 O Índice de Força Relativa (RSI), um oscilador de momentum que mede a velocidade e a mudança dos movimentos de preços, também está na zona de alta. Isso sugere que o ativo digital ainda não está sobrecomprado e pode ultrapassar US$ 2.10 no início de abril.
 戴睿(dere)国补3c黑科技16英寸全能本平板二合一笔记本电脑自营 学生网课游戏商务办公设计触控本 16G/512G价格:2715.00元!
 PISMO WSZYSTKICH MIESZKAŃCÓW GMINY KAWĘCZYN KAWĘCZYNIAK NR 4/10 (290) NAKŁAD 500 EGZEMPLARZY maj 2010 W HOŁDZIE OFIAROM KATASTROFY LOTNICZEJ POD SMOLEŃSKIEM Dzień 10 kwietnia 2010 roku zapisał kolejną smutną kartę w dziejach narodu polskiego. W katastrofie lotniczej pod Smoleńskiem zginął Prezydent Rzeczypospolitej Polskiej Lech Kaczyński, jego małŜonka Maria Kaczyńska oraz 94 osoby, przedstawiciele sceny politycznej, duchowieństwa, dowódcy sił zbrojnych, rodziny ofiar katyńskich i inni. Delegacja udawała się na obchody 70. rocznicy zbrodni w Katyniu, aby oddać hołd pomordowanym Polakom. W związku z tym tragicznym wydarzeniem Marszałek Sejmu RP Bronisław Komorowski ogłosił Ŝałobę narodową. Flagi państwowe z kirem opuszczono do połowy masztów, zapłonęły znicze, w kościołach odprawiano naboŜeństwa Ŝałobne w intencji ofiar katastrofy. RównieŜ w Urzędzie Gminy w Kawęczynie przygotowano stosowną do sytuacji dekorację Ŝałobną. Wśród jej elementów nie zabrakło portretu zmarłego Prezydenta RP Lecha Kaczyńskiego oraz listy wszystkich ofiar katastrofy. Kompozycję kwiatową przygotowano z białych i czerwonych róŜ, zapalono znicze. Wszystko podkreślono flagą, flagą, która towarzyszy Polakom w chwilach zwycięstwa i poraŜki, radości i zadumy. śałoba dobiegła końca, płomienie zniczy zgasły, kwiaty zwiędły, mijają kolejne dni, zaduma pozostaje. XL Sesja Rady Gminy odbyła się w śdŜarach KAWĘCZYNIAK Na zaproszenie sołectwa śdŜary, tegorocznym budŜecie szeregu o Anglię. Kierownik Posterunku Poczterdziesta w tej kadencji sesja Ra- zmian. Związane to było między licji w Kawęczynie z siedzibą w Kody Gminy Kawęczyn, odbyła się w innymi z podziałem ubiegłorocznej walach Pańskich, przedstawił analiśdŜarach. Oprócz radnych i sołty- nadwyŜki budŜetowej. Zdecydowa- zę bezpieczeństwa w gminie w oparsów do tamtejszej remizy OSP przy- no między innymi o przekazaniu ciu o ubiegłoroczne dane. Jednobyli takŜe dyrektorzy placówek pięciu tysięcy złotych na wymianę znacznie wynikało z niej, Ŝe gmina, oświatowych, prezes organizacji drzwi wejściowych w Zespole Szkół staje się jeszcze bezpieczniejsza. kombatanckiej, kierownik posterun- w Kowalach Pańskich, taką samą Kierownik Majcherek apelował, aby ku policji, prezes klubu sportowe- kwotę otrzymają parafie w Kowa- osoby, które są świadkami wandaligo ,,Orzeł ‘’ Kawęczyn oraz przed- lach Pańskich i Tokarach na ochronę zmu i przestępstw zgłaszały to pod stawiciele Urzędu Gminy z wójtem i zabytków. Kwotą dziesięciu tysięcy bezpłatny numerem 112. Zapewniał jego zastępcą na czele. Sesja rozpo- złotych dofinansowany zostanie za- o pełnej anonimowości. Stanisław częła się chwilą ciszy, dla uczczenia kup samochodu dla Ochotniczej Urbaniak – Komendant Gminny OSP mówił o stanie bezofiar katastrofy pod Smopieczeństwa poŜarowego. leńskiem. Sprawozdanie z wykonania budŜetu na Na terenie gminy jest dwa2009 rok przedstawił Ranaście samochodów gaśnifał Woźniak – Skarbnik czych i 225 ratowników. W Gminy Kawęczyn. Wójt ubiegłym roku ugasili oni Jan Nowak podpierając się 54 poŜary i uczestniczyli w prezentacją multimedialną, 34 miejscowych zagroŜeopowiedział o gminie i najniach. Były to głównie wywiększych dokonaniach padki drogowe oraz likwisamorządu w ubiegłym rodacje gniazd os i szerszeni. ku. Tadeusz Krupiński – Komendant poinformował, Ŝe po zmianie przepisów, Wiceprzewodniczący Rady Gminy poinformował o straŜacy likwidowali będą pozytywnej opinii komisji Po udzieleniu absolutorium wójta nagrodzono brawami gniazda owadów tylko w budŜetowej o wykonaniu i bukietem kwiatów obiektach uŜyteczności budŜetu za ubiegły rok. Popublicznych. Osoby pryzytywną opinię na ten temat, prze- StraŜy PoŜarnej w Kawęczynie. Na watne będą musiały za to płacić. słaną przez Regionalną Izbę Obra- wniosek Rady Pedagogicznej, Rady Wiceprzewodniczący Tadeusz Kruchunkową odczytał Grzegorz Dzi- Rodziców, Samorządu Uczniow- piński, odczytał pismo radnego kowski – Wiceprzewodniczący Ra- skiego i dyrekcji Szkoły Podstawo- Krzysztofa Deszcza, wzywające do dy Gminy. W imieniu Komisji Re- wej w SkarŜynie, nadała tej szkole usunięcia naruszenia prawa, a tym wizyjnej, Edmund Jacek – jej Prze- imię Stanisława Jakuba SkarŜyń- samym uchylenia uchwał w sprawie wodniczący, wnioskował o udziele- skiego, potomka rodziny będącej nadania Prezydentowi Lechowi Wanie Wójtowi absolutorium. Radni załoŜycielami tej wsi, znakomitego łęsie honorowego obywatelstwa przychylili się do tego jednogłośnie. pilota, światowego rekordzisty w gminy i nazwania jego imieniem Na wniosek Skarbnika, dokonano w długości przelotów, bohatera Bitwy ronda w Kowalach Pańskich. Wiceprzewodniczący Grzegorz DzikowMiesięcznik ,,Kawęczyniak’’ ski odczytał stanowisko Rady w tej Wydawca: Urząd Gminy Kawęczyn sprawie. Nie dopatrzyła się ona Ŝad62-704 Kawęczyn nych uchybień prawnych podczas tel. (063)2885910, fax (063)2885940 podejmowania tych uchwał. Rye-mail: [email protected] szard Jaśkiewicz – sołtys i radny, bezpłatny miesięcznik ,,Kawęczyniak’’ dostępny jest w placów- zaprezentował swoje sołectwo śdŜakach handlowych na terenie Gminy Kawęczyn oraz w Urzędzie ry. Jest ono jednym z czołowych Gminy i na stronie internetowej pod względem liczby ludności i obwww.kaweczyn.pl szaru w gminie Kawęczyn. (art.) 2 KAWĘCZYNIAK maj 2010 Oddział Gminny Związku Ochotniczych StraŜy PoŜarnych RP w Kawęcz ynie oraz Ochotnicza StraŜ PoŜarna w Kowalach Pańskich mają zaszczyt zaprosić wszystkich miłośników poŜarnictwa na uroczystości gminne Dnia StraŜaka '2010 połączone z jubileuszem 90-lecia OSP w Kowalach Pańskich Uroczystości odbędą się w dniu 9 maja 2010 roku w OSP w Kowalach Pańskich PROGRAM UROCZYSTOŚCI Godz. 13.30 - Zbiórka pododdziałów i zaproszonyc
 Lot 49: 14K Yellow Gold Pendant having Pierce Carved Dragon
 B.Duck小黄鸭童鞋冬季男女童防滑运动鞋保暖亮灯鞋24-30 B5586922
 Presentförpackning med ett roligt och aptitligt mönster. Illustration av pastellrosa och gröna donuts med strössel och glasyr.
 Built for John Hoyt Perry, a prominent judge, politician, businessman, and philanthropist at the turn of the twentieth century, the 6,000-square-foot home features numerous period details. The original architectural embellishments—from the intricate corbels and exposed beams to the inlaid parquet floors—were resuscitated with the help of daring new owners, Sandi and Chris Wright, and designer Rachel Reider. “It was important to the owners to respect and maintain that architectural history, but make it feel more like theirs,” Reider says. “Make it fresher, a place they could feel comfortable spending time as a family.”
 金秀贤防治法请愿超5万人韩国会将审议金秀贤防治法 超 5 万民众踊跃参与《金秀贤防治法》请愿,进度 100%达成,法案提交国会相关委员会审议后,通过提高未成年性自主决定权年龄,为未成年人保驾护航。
------------
Beginning with the line that holds "B.Duck小黄鸭童鞋冬季男" and ending with the last line of the material, output each line exactly and nothing beyond them.

 B.Duck小黄鸭童鞋冬季男女童防滑运动鞋保暖亮灯鞋24-30 B5586922
 Presentförpackning med ett roligt och aptitligt mönster. Illustration av pastellrosa och gröna donuts med strössel och glasyr.
 Built for John Hoyt Perry, a prominent judge, politician, businessman, and philanthropist at the turn of the twentieth century, the 6,000-square-foot home features numerous period details. The original architectural embellishments—from the intricate corbels and exposed beams to the inlaid parquet floors—were resuscitated with the help of daring new owners, Sandi and Chris Wright, and designer Rachel Reider. “It was important to the owners to respect and maintain that architectural history, but make it feel more like theirs,” Reider says. “Make it fresher, a place they could feel comfortable spending time as a family.”
 金秀贤防治法请愿超5万人韩国会将审议金秀贤防治法 超 5 万民众踊跃参与《金秀贤防治法》请愿,进度 100%达成,法案提交国会相关委员会审议后,通过提高未成年性自主决定权年龄,为未成年人保驾护航。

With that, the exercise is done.